SUPPLIED RECORDS
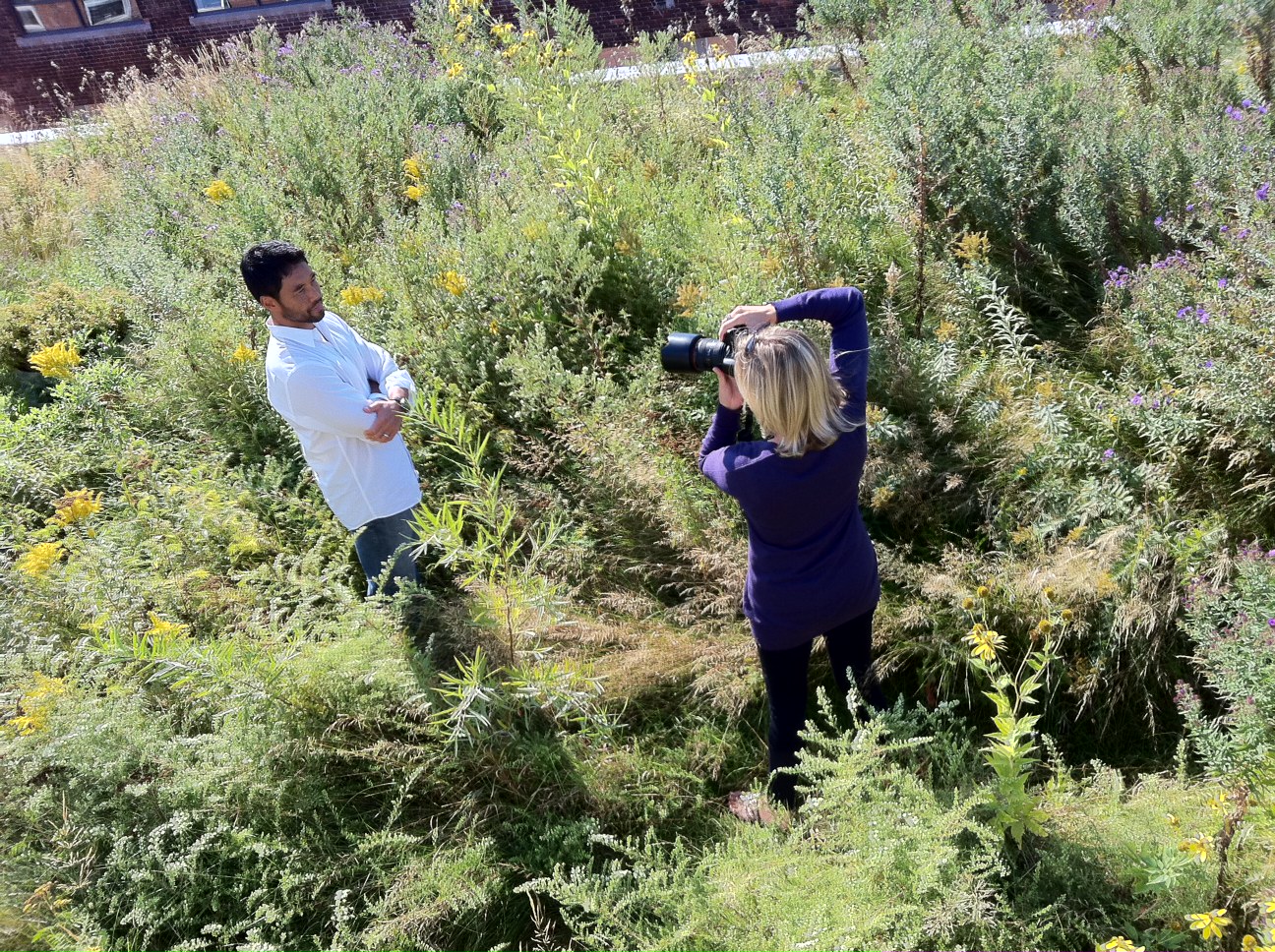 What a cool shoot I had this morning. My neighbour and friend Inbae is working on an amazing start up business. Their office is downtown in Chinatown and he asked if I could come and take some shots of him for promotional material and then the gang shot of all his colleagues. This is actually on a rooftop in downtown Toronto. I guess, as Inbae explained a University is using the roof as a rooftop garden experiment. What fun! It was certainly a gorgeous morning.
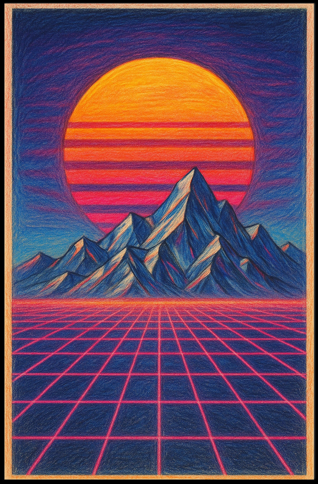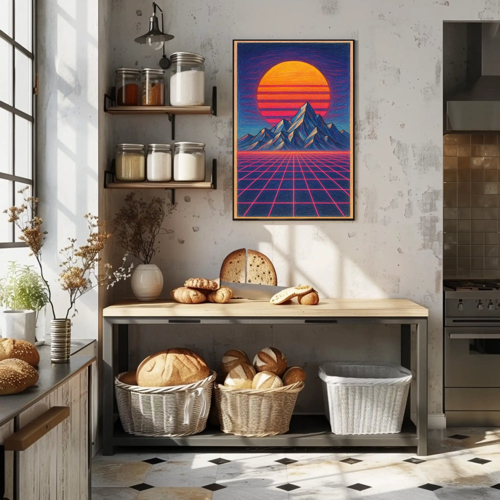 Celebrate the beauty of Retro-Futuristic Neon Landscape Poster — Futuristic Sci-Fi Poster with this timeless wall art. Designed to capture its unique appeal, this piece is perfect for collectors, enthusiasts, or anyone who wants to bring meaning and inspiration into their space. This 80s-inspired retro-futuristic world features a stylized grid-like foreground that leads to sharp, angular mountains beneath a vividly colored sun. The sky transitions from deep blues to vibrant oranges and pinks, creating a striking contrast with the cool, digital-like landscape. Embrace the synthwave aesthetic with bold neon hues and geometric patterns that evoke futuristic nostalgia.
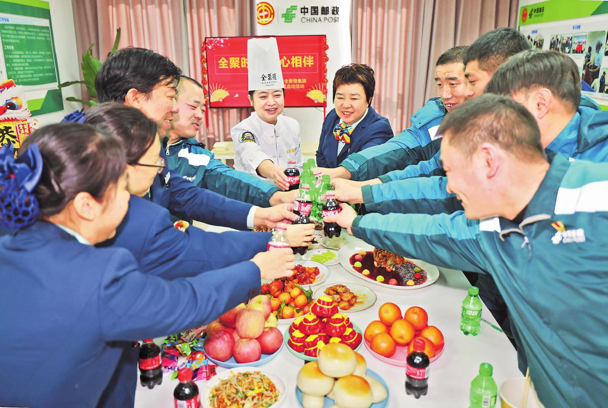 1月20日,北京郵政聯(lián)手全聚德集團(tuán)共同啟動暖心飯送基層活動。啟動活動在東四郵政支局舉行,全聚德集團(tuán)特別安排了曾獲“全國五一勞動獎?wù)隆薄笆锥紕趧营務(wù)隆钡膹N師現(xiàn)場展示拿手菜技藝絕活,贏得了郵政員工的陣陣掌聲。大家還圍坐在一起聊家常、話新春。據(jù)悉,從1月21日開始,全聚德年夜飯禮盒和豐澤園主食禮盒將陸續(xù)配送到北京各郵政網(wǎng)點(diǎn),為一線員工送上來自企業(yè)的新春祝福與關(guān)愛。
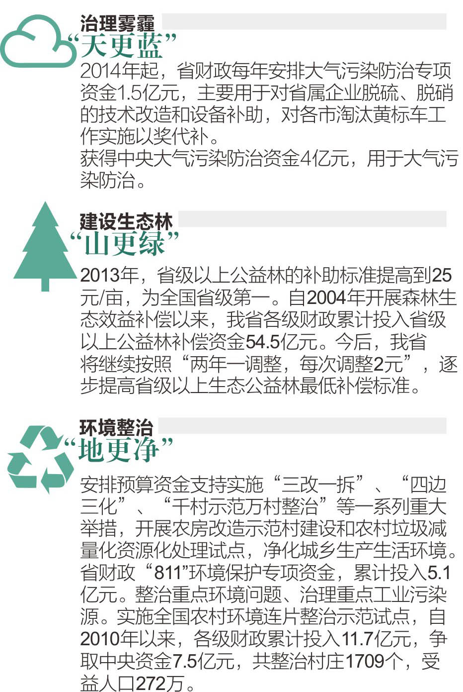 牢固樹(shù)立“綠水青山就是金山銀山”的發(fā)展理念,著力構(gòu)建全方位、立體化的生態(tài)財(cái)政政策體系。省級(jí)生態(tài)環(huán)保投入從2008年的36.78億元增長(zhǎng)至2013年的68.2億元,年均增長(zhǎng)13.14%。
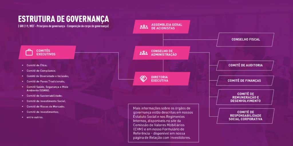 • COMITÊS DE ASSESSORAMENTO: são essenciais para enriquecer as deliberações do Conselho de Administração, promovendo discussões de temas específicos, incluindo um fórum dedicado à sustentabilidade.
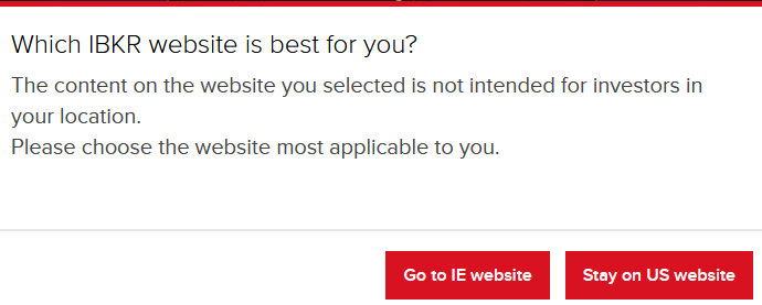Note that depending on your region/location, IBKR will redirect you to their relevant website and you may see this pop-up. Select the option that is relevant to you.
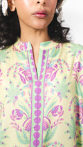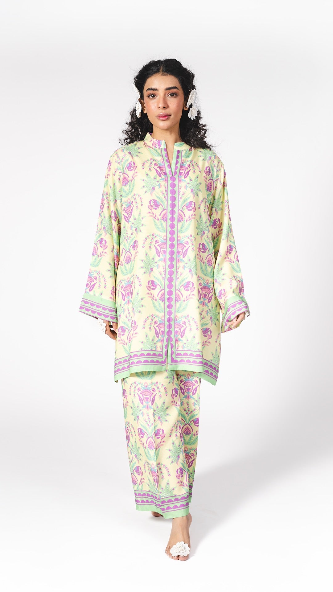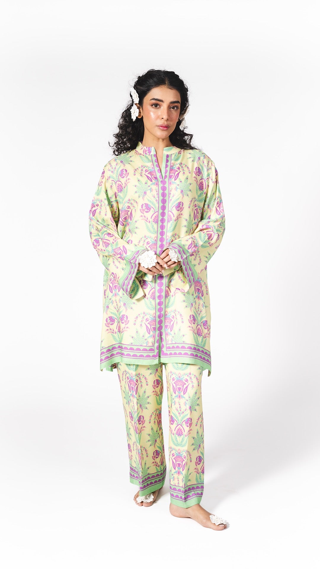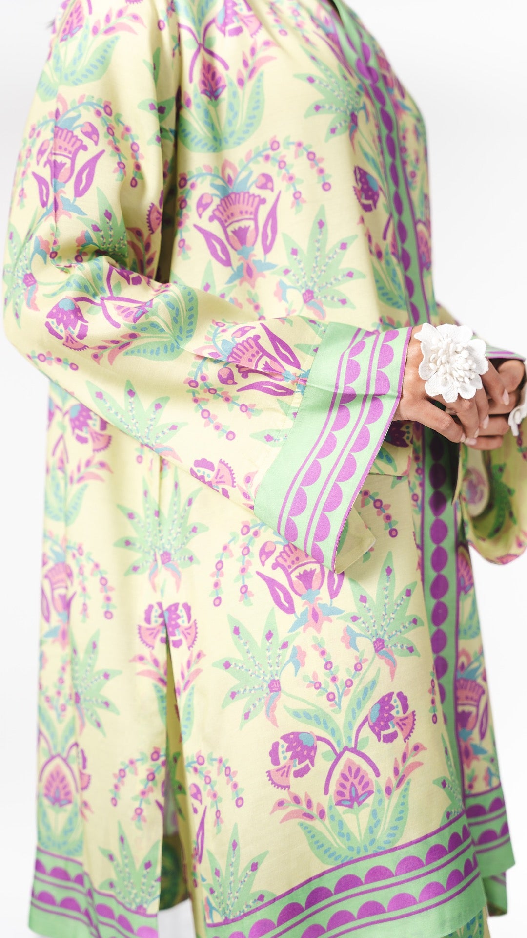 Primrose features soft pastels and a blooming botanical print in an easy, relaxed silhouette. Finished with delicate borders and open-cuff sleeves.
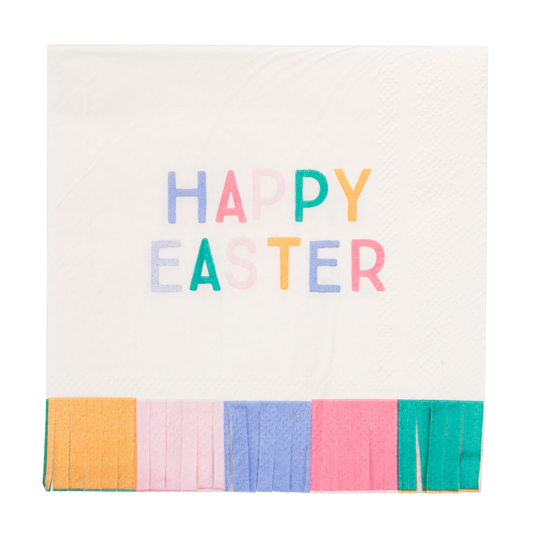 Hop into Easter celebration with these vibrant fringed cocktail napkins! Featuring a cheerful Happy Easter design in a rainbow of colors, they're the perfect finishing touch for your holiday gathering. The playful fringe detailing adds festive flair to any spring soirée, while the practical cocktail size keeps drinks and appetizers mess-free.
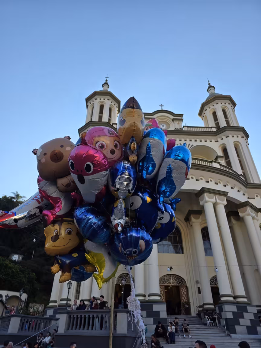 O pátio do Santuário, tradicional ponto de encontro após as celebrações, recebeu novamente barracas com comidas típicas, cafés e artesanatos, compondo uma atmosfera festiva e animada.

TASK DIRECTIONS
Skipping the pictures, transcribe each line above exactly as it appears.

RESULT OF THE EXERCISE
 What a cool shoot I had this morning. My neighbour and friend Inbae is working on an amazing start up business. Their office is downtown in Chinatown and he asked if I could come and take some shots of him for promotional material and then the gang shot of all his colleagues. This is actually on a rooftop in downtown Toronto. I guess, as Inbae explained a University is using the roof as a rooftop garden experiment. What fun! It was certainly a gorgeous morning.
 Celebrate the beauty of Retro-Futuristic Neon Landscape Poster — Futuristic Sci-Fi Poster with this timeless wall art. Designed to capture its unique appeal, this piece is perfect for collectors, enthusiasts, or anyone who wants to bring meaning and inspiration into their space. This 80s-inspired retro-futuristic world features a stylized grid-like foreground that leads to sharp, angular mountains beneath a vividly colored sun. The sky transitions from deep blues to vibrant oranges and pinks, creating a striking contrast with the cool, digital-like landscape. Embrace the synthwave aesthetic with bold neon hues and geometric patterns that evoke futuristic nostalgia.
 1月20日,北京郵政聯(lián)手全聚德集團(tuán)共同啟動暖心飯送基層活動。啟動活動在東四郵政支局舉行,全聚德集團(tuán)特別安排了曾獲“全國五一勞動獎?wù)隆薄笆锥紕趧营務(wù)隆钡膹N師現(xiàn)場展示拿手菜技藝絕活,贏得了郵政員工的陣陣掌聲。大家還圍坐在一起聊家常、話新春。據(jù)悉,從1月21日開始,全聚德年夜飯禮盒和豐澤園主食禮盒將陸續(xù)配送到北京各郵政網(wǎng)點(diǎn),為一線員工送上來自企業(yè)的新春祝福與關(guān)愛。
 牢固樹(shù)立“綠水青山就是金山銀山”的發(fā)展理念,著力構(gòu)建全方位、立體化的生態(tài)財(cái)政政策體系。省級(jí)生態(tài)環(huán)保投入從2008年的36.78億元增長(zhǎng)至2013年的68.2億元,年均增長(zhǎng)13.14%。
 • COMITÊS DE ASSESSORAMENTO: são essenciais para enriquecer as deliberações do Conselho de Administração, promovendo discussões de temas específicos, incluindo um fórum dedicado à sustentabilidade.
Note that depending on your region/location, IBKR will redirect you to their relevant website and you may see this pop-up. Select the option that is relevant to you.
 Primrose features soft pastels and a blooming botanical print in an easy, relaxed silhouette. Finished with delicate borders and open-cuff sleeves.
 Hop into Easter celebration with these vibrant fringed cocktail napkins! Featuring a cheerful Happy Easter design in a rainbow of colors, they're the perfect finishing touch for your holiday gathering. The playful fringe detailing adds festive flair to any spring soirée, while the practical cocktail size keeps drinks and appetizers mess-free.
 O pátio do Santuário, tradicional ponto de encontro após as celebrações, recebeu novamente barracas com comidas típicas, cafés e artesanatos, compondo uma atmosfera festiva e animada.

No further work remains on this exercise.